After preincubation at 37 °C, a strikingly different result was
obtained. Samples preincubated with low affinity peptides (i.e. peptides with 1/IC50 values below 1) bound
only 50% of the amount of R-9-L bound after preincubation at 4 °C,
and therefore had lost the same amount of functional TAP complexes as
samples preincubated at 37 °C without peptide. In contrast,
microsomes preincubated at 37 °C with high affinity peptides
(1/IC50 greater than 1) bound as much or more peptide R-9-L
as samples incubated with the same peptides at 4 °C, suggesting that
these peptides maintained TAP complexes in a functional state. Thus,
the capacity of peptide to stabilize functional TAP complexes
correlated with its TAP affinity, suggesting strongly that
stabilization required direct peptide binding to TAP. This conclusion
was confirmed in several other experiments in which stabilizing peptide
was removed as completely as possible by repeated washes after
preincubation; microsomes pretreated with high affinity binders always
had higher peptide binding capacity than untreated microsomes (not
shown). However, even peptides with high TAP affinity were
significantly less efficient in TAP stabilization than ATP.
Effect of ATP and Peptide Substrate on the Conformation of TAP
Complexes, Single TAP Subunits, and Cytosolic TAP Fragments--
To
test whether the effect of ATP and peptide on TAP function was
reflected in the recovery of antibody-reactive TAP proteins, insect
cell-expressed TAP dimers were incubated in the presence of 2 mM ATP or a peptide with high affinity before
immunoprecipitation with mAb specific for TAP1 or TAP2 (Fig.

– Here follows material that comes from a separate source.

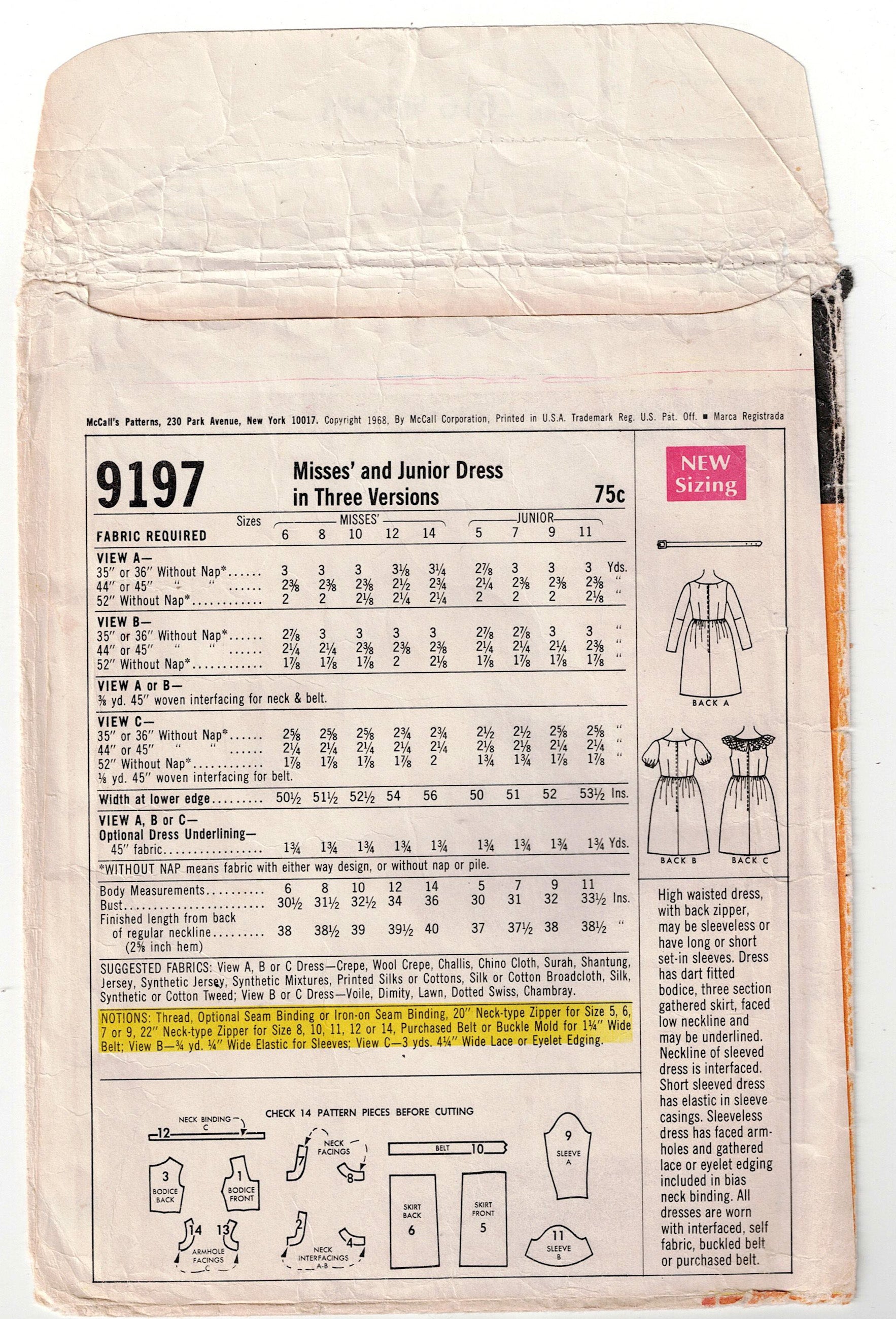 McCall's 9197 Womens High Waisted Dress in 3 Versions 1960s Vintage Sewing Pattern Size 12 Bust 34 inches

5A). While both reagents had
no effect on the amount of TAP1 protein recovered from insect cell
microsomes after preincubation at 4 °C, ATP prevented the loss of
precipitable TAP1 protein completely, while peptide had a significant
but much more limited effect. Equivalent results were obtained for
TAP2; ATP and peptide increased the amount of TAP2 recovered by direct
immunoprecipitation with mAb 435.3 and by co-precipitation with 148.3 (not shown). Analogous results were also obtained with human microsomes
expressing TAP complexes in the absence (line 721.221) or presence
(Jesthom) of HLA-A, -B, and -C proteins (Fig. 5B): in the
presence of ATP, the amount of precipitable TAP1 protein (and
co-precipitated TAP2 protein, not shown) decreased little or not at all
even after a 30-min incubation at 37 °C. Two peptides with high TAP
affinities shown to preserve TAP peptide binding capacity at 37 °C
(Fig. 4) also increased the amount of TAP protein that was precipitated
after a 10-min incubation at 37 °C of B cell microsomes, although to a much smaller extent than ATP (Fig. 5C). Thus, results
obtained in immunoprecipitations paralleled those of functional
experiments, suggesting that dimeric TAP complexes recognized by mAb
148.3 and 435.3 bind and transport peptides and can be stabilized by nucleotides and peptide.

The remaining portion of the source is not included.